# Autosleeper WebSites?



## 90409 (May 1, 2005)

Hi,

We have recently acquired a 2002 Autosleeper Trident T4, our third camper van but our first Autosleeper. I've been searching in vain for a manufacturer's web site or an owners' club with a web presence. Can anyone point me in the right direction?


----------



## 88838 (May 9, 2005)

Hi Lawrence and welcome to the site, nice to see a non argumentative post :twisted:

when in doubt try dogpile [ no not another political comment :twisted: ]

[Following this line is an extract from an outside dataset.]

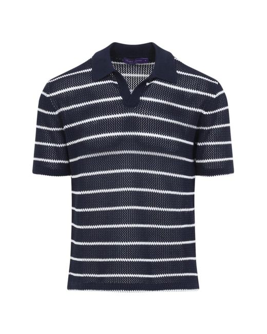 Polo Shirt Short Sleeves Striped Ribbed Collar - Blue
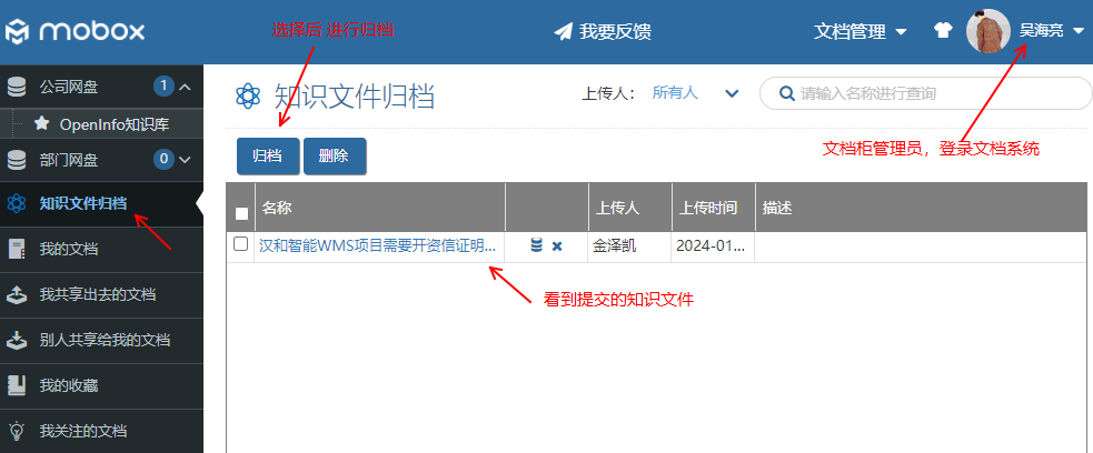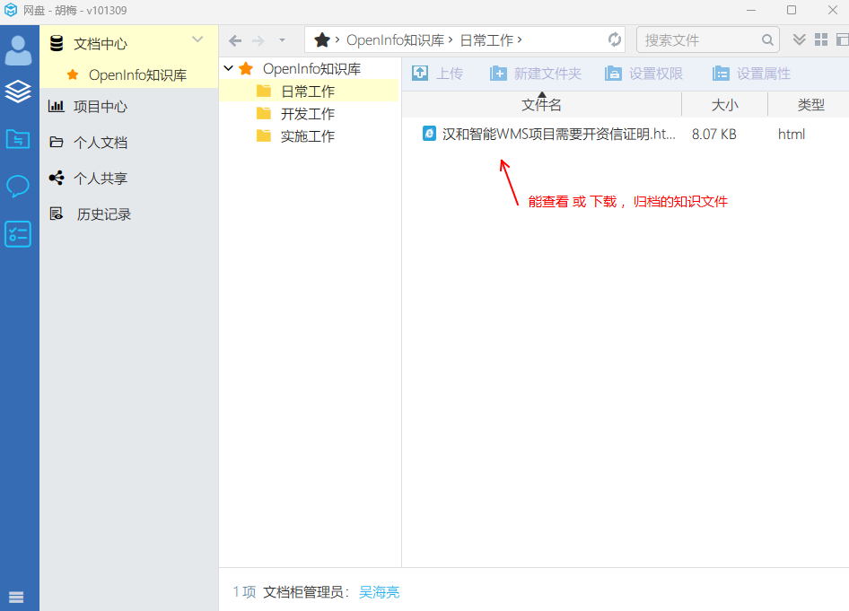 歸檔后,對文檔柜有權(quán)限的用戶就能通過文檔系統(tǒng)下載或?yàn)g覽這些知識文件

http://www.dogpile.com/info.dogpl/s...-/-/-/-/-/-/-/-/-/-/-/-/-/-/-/-/-/-/-/417/top

I know it's long but I can never remember the 'short' way to do links.
or just do www.auto-sleepers.co.uk

8)


----------



## RobinHood (May 19, 2005)

Or try http://www.asoc.fsnet.co.uk/ for owners club.


----------



## 89122 (May 14, 2005)

Hi twooks try here for short links http://tinyurl.com/create.php

Eddie


----------



## 90409 (May 1, 2005)

Thanks everyone for the replies - much appreciated. 

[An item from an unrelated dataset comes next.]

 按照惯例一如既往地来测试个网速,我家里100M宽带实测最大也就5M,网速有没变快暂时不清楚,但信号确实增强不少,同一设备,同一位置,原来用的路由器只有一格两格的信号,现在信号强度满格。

I see now that my real problem was that I didn't appreciate that the company name is "Auto-sleepers" with an "s" on the end!

Lawrence


----------



## 88838 (May 9, 2005)

rapido said:


> Hi twooks try here for short links http://tinyurl.com/create.php
> 
> Eddie


thanks, will put it in favourites, then will write out a 100 times - for short links look in favourites - for short links look. .. .. . . . 

8)


----------